Thrombin-induced activation of calcium transport pathways and their role in platelet functions.

In human platelets thrombin-induced calcium release from intracellular stores, the consequent influx of extracellular calcium, as well as their role in the aggregation and ATP-secretion reactions were examined. In indo-1-loaded platelets intracellular calcium release was studied in the presence of excess EGTA in the incubation medium, while calcium influx was followed after a rapid repletion of external calcium. After thrombin-stimulation both calcium release and calcium influx produced about the same peak levels of cytoplasmic free calcium but in the first case it was only a transient response, while in the latter one a sustained calcium signal was observed. Increased calcium influx could be evoked for several minutes after the addition of thrombin, it was selectively inhibited by Mg2+ (20 mM) and Ni2+ (1 mM) ions, by neomycin and by PCMB, a non-penetrating SH-group reagent. This calcium influx was practically insensitive to organic calcium channel blockers. Thrombin-induced platelet aggregation was only partial in the absence of external calcium, even if excess magnesium was present in the media, while the aggregation response became complete if external calcium was repleted. A significantly reduced aggregation could be seen in calcium-containing media if calcium influx was selectively inhibited. Platelet ATP-secretion under the same conditions did not depend on external calcium or on calcium influx. These data indicate that in thrombin-stimulated platelets the opening of specific plasma membrane calcium channels can be selectively modulated and these channels play a major role in the development of a full-scale aggregation.

Effects of phosphoinositides on calcium movements in human platelet membrane vesicles.

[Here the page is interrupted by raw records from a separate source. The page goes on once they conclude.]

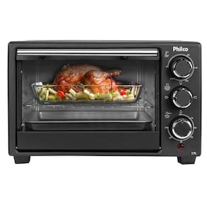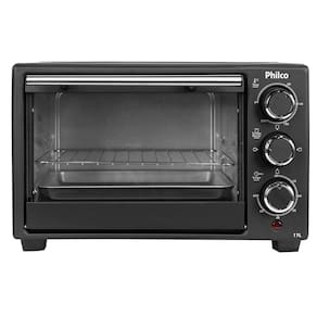 Forno Elétrico Philco PFE17P com capacidade de 17 litros, 4 modos de seleção de resistência, timer de 60 minutos, interior galvanizado e seletor de temperatura até 230 graus.Forno autolimpante
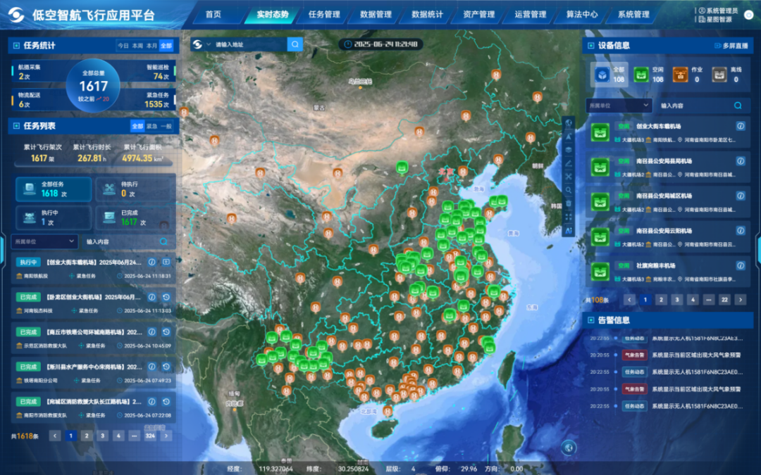 低空飞行涉及军航、民航、地方政府等多主体,“数据不通、权责不清”往往导致运行效率低下。中科星图将“协同监管”与“飞行服务”作为五位一体体系的“中枢神经”,通过领航?低空飞行服务平台,实现“纵向贯通、横向协同”,拉通全链路的低空安全运行监管。
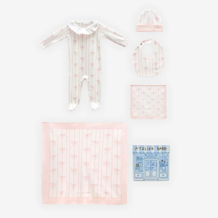 The set content is as follows; Overalls (0-3 months) Blanket (80x80 cm) Newborn Hat Newborn Gown Mouth Cloth (30x30 cm) Product features: Material: 100% Cotton Fabric Type: Interlock Paint: GOTS Certified Paint
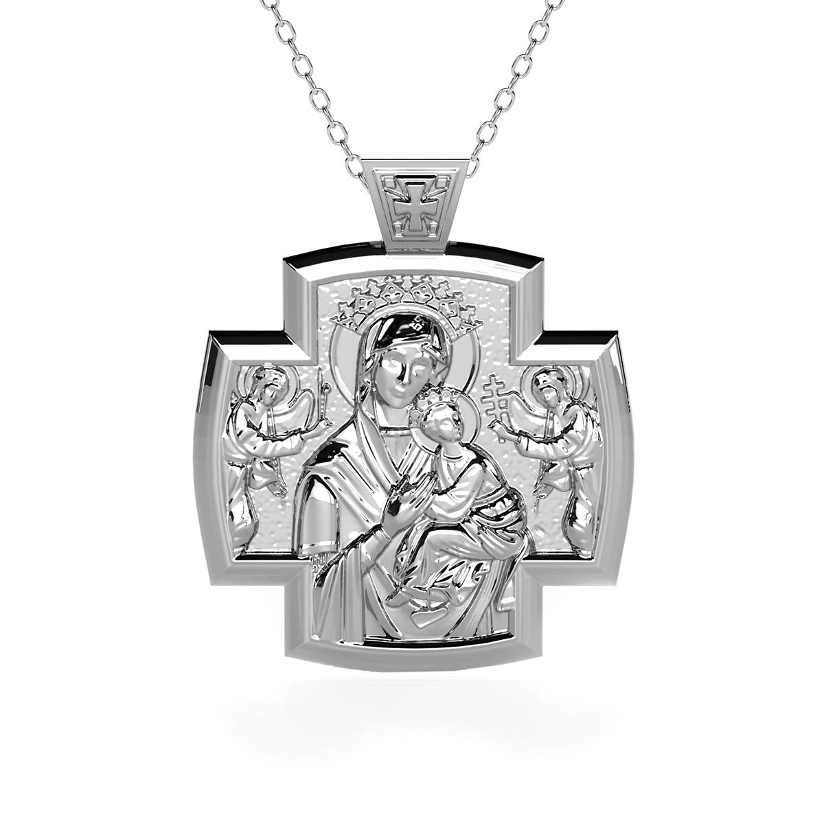 The Virgin Mary & Jesus two-sided cross necklace is thoughtfully designed with multiple images of the Virgin Mary and Baby Jesus. On one side, this cross-shaped pendant features a relief of the Virgin Mary cradling Baby Jesus in her arms, surrounded by saints. On the other side, you'll find another design depicting Jesus Christ. This pendant is available in both standard and mini sizes and would make a meaningful gift.

In a mixed endoplasmic and surface-type membrane vesicle preparation from human platelets the polyphosphoinositides PIP and PIP2, similarly to IP3, were found to induce a rapid calcium release reaction. At physiological (resting) cytoplasmic calcium concentrations (0.1-0.3 microM) the PIP2 and IP3 concentrations producing half-maximum calcium release were similar (0.7 microM) and both agents could mobilize about 30-40% of the intravesicular calcium. However, the phosphodiesteric degradation of PIP2 in the membrane vesicles was found to be negligible and the ion- and drug-sensitivities of the calcium release reactions were different. The IP3-induced calcium release was selectively inhibited by micromolar calcium concentrations and by cinnarizine, while the PIP2-induced release was blocked by magnesium ions and neomycin. The calcium release evoked by either agent was inhibited by low concentrations of lanthanum but, in contrast to the ATP-dependent calcium pump, it was insensitive to vanadate, quercetin and to the lowering of the incubation temperature. When added simultaneously or in a rapid succession, maximum effective IP3 and PIP2 concentrations produced an additive calcium release reaction. Based on these data we suggest that IP3 and PIP2, respectively, induce rapid transmembrane calcium movements involving different transport pathways and/or membrane calcium pools, which are not related to the active calcium transport systems.